> **Data provided**:
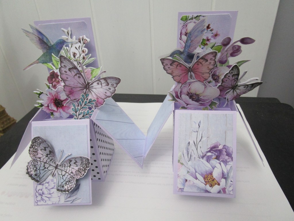 This week I made half a dozen folding box cards. These cards are terrific because they fold flat into a normal envelope, and are quite easy to make once you have the hang of the measurements. I have made a youtube video showing how to make, and all the measurements you need. You will find it on Youtube at Helens Card Designs. The papers I have used are from Uniquely Creative and the collection is called Tranquility. This paper was perfect as it has lots of images the right size for the boxes, and the mix of flowers, butterflies and birds allows a good choice to put in your box. I have had a busy couple of weeks.. I taught my retirement village ladies, just got that class in before we all went on restrictions again due to covid. Luckily so far we have avoided an outbreak in our state, but I certainly feel for the other states who are confined to home again. That is when our hobby becomes a sanity saver! the weather has certainly turned to winter, and the heater is running here a lot, but I do not complain about the cold weather and the nice drop of rain we have had. Til next time, stay safe…
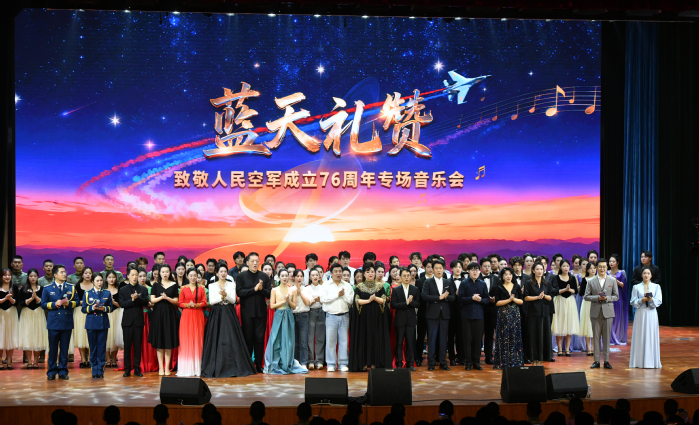 11月5日晚,西安音乐学院在空军西安飞行学院礼堂隆重举行“蓝天礼赞”——致敬人民空军建军76周年专场音乐会。空军西安飞行学院主要领导和西安音乐学院院长王刚出席晚会,与官兵、师生共同观看演出。
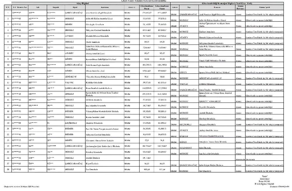 İŞTE YENİ GÖREVLENDİRME LİSTESİ

> **Problem**:
Leave the pictures out and reproduce exactly the lines from the top of the listing above through the line with "11月5日晚,西安音乐学院在".

> **Solution for this task**:
 This week I made half a dozen folding box cards. These cards are terrific because they fold flat into a normal envelope, and are quite easy to make once you have the hang of the measurements. I have made a youtube video showing how to make, and all the measurements you need. You will find it on Youtube at Helens Card Designs. The papers I have used are from Uniquely Creative and the collection is called Tranquility. This paper was perfect as it has lots of images the right size for the boxes, and the mix of flowers, butterflies and birds allows a good choice to put in your box. I have had a busy couple of weeks.. I taught my retirement village ladies, just got that class in before we all went on restrictions again due to covid. Luckily so far we have avoided an outbreak in our state, but I certainly feel for the other states who are confined to home again. That is when our hobby becomes a sanity saver! the weather has certainly turned to winter, and the heater is running here a lot, but I do not complain about the cold weather and the nice drop of rain we have had. Til next time, stay safe…
 11月5日晚,西安音乐学院在空军西安飞行学院礼堂隆重举行“蓝天礼赞”——致敬人民空军建军76周年专场音乐会。空军西安飞行学院主要领导和西安音乐学院院长王刚出席晚会,与官兵、师生共同观看演出。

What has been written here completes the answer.